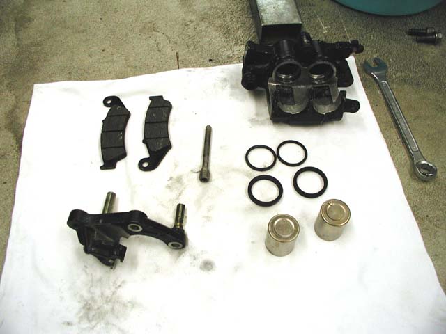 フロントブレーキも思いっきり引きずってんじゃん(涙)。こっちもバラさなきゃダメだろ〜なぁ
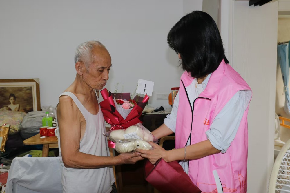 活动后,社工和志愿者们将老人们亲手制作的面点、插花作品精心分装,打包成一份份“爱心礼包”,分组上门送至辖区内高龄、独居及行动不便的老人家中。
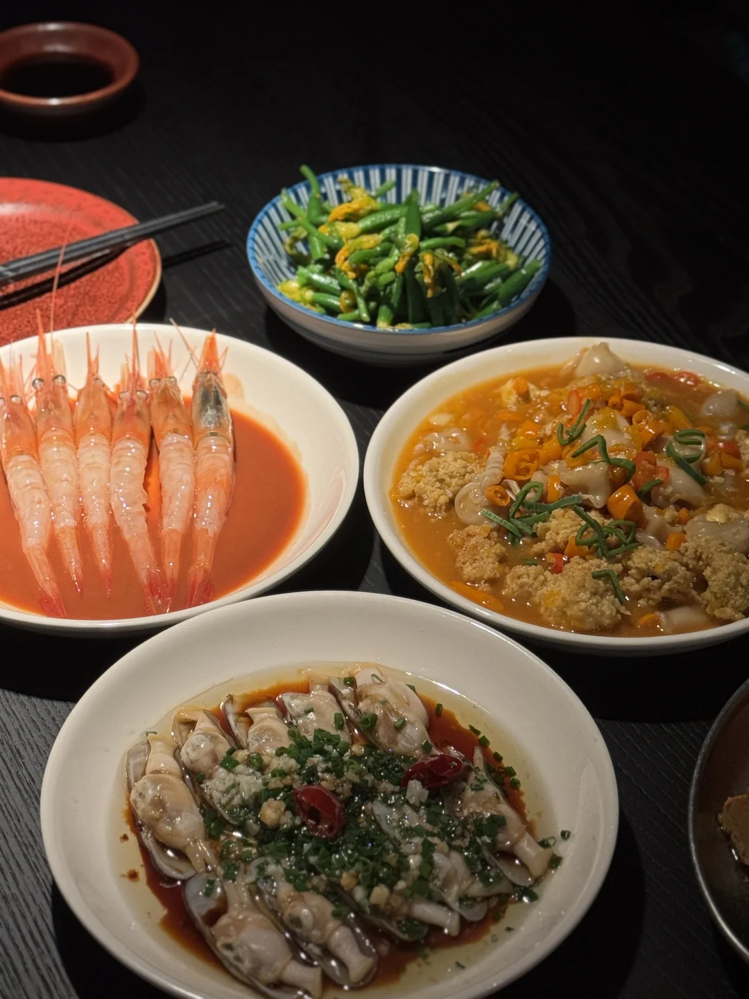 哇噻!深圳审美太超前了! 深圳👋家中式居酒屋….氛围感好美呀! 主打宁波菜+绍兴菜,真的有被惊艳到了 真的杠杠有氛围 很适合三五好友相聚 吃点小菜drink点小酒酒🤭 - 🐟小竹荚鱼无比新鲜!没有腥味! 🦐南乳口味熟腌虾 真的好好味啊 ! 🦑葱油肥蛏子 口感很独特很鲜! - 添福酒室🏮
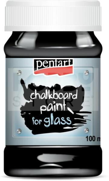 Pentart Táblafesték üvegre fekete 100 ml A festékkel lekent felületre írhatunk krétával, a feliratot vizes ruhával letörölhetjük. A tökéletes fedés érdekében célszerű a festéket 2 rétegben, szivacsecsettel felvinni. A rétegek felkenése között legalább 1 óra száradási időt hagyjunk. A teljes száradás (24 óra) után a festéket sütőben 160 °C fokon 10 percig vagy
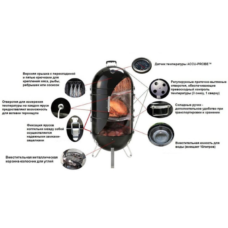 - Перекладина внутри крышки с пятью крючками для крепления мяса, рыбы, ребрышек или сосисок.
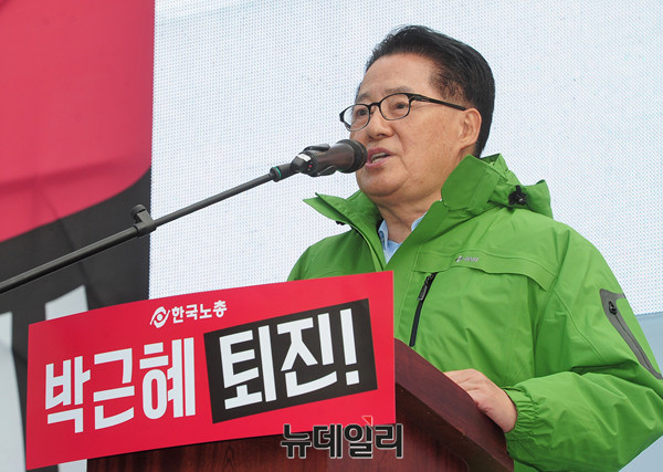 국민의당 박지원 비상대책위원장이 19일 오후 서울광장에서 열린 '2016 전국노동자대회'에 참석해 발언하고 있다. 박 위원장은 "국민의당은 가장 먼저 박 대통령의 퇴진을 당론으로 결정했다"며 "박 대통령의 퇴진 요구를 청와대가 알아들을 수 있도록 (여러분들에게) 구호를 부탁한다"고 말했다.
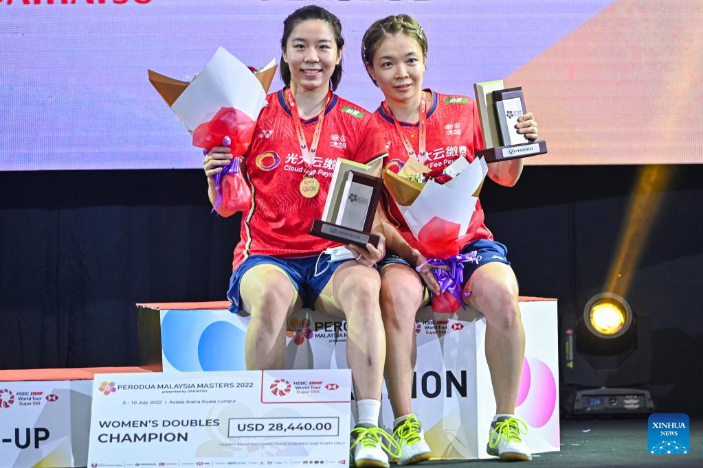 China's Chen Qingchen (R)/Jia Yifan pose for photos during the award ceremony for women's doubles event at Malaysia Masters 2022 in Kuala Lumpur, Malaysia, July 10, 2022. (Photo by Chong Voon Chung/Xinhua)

━━━━━━

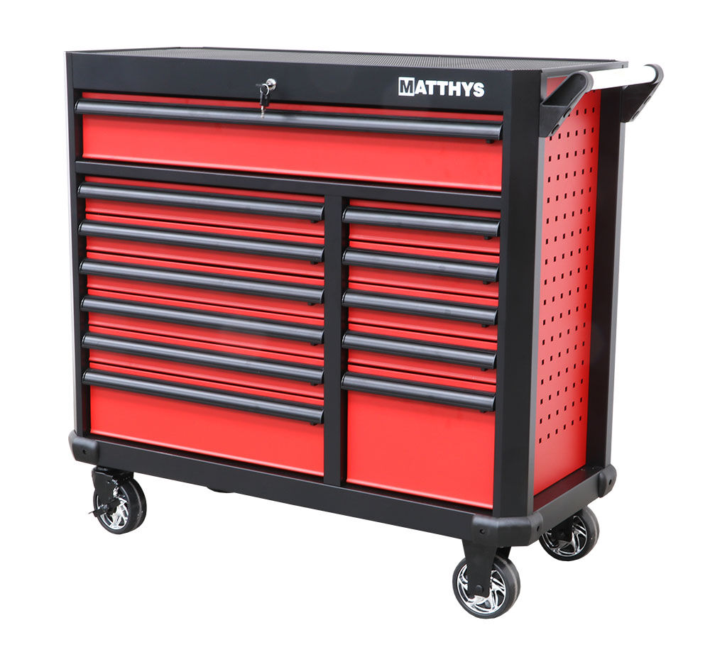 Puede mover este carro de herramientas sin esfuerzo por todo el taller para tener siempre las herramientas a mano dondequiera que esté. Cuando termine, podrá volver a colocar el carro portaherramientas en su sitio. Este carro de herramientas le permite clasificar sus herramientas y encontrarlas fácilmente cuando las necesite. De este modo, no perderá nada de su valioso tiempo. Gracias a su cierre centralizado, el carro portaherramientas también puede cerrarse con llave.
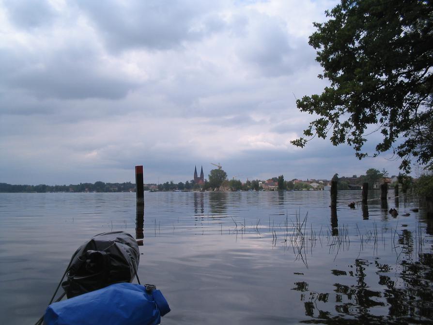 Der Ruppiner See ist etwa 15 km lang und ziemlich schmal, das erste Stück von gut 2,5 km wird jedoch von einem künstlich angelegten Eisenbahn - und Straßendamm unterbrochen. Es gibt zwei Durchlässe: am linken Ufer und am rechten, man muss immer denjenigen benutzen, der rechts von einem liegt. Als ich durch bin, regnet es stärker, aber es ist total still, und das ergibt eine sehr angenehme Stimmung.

━━━━━━

• [Task item] Only the lines of the listing above from the one with "Pentart Táblafesték üvegre" through the one with "국민의당 박지원 비상대책위원장이" should be output, exactly, with both ends kept and pictures left out.

• [Solution]
 Pentart Táblafesték üvegre fekete 100 ml A festékkel lekent felületre írhatunk krétával, a feliratot vizes ruhával letörölhetjük. A tökéletes fedés érdekében célszerű a festéket 2 rétegben, szivacsecsettel felvinni. A rétegek felkenése között legalább 1 óra száradási időt hagyjunk. A teljes száradás (24 óra) után a festéket sütőben 160 °C fokon 10 percig vagy
 - Перекладина внутри крышки с пятью крючками для крепления мяса, рыбы, ребрышек или сосисок.
 국민의당 박지원 비상대책위원장이 19일 오후 서울광장에서 열린 '2016 전국노동자대회'에 참석해 발언하고 있다. 박 위원장은 "국민의당은 가장 먼저 박 대통령의 퇴진을 당론으로 결정했다"며 "박 대통령의 퇴진 요구를 청와대가 알아들을 수 있도록 (여러분들에게) 구호를 부탁한다"고 말했다.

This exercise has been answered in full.